New NoMad Hot Spots Shaping the Neighborhood
In 2016, The New York Times’ Florence Fabricant declared 277 Fifth Avenue’s neighborhood as Manhattan’s “Hottest New Dining Spot.” It was a declaration that came on the heels of what locals already knew—in a city whose axes are constantly shifting, NoMad has the distinct geographic advantage of being a gateway between Uptown and Downtown while cultivating an identity that makes it a destination all its own. It’s a place where the glamor of old New York mixes with the power of Chelsea’s art world to the west and the fashion world to the northwest. And it is now the neighborhood where the best chefs in the world come to make their international debuts—where they not only produce lavish, unforgettable meals but also help define the neighborhood, along with Madison Square Park and the nearby Flatiron Building.
This kind of buzz has recently brought Scott Conant’s Scarpetta over to NoMad from the Meatpacking District.
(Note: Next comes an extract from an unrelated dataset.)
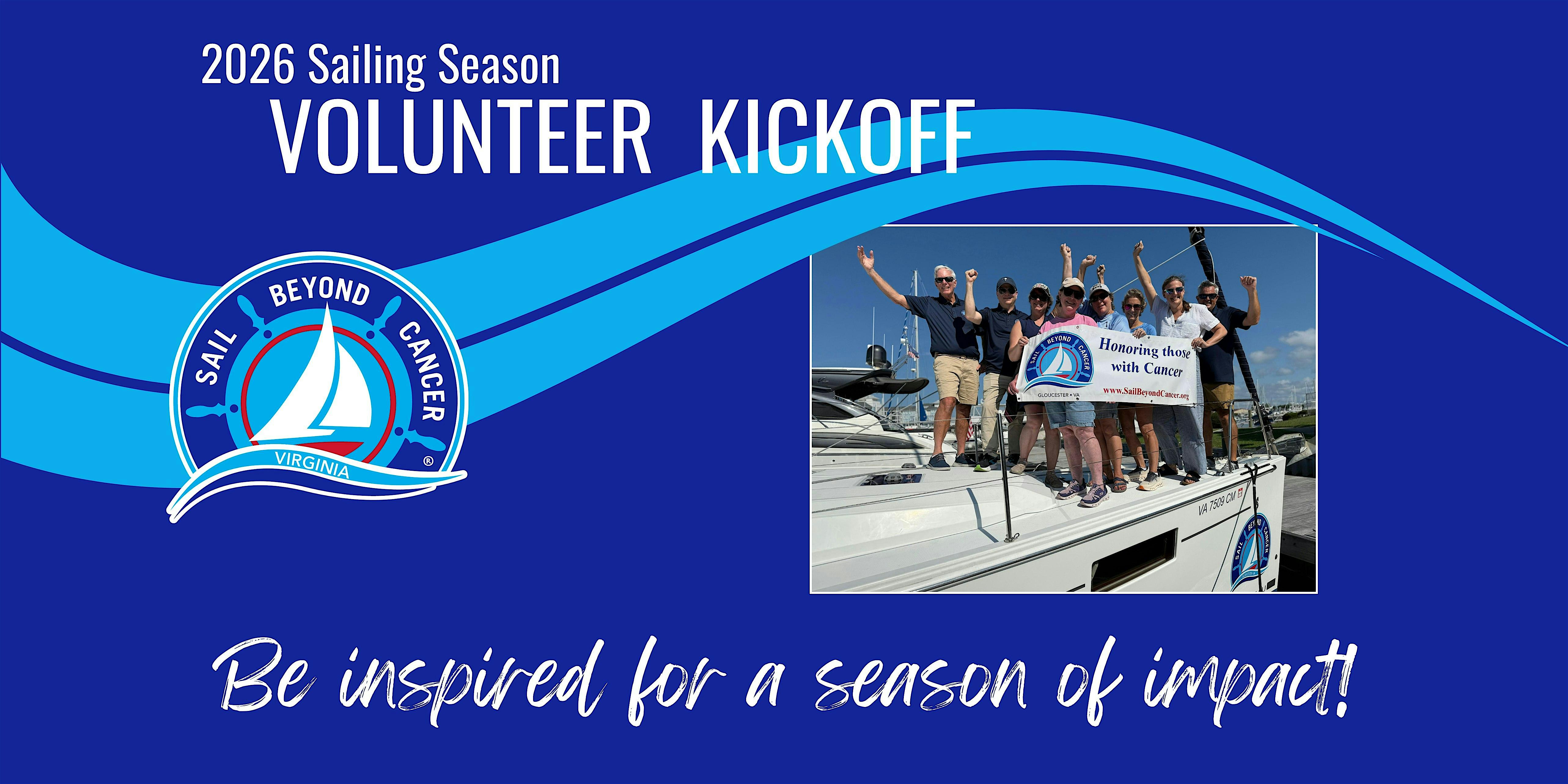 by admin13Feb Sail Beyond Cancer® Virginia Volunteer Kickoff at Mounts Bay Recreation Center and Pool at Kingsmill – Williamsburg, VA Sail Beyond Cancer® Virginia Volunteer Kickoff at Mounts Bay Recreation Center and Pool at Kingsmill – Williamsburg, VA 2 2 people viewed this event. Sail Beyond Cancer® Virginia’s 2026 Sailing Season is just around the corner… join us and be inspired for a season of impact! Tickets-RSVP Link Date And Time Saturday, February 21st, 2026 04:00 PM (PST) Venue Mounts Bay Recreation Center and Pool at Kingsmill Location 101 Tutters Neck, Williamsburg, VA 23185 Event Types Charity & CausesParty or Social Gathering Event Category Virginia Share With Friends Facebook Twitter Linkedin Xing Pinterest Share This Post:

The James Beard Award-nominated restaurant also received a three-star review from The New York Times’ Frank Bruni. Now located in The James New York Hotel, the venue still features a New York City dining masterpiece—the tomato and basil spaghetti—which is the kind of dish whose simplicity makes it one of the greatest challenges to a chef to create. This is exactly what Conant does with this most classic of dishes, as well as with an entire menu marked exquisite minimalism.
Make a night of it by following dinner with drinks at The Seville, just downstairs from Scarpetta at The James New York, where perfect cocktails can always be found, along with live DJs, every night of the week. The Seville is named for the hotel that used to be home to one of the many speakeasies that dotted the neighborhood during Prohibition.
Another hotel with multiple dining and drinking options is The Freehand, which recently opened three new establishments—each a brainchild of Gabriel Stulman, the man who brought us the quietly chic Joseph Leonard in the West Village. At the Freehand, Stulman’s impeccable taste—both culinary and aesthetic—is granted free reign in quintessentially NoMad spaces as open and elegant as the neighborhood’s Beaux-Arts buildings. Stulman has envisioned—and brought to life—Studio, the George Washington Bar, and Simon and the Whale. The food is inspired by Stulman’s Moroccan-Jewish roots, and the decor is by Roman and Williams, the design duo that has captured the rustic-elegant look of the moment with as much creativity as a Wes Anderson film set. Stulman is creating a world big enough to help anchor the new pull toward the neighborhood—and he fittingly received the nod from Fabricant this year when this complex of quintessentially elegant NoMad pleasures opened its doors.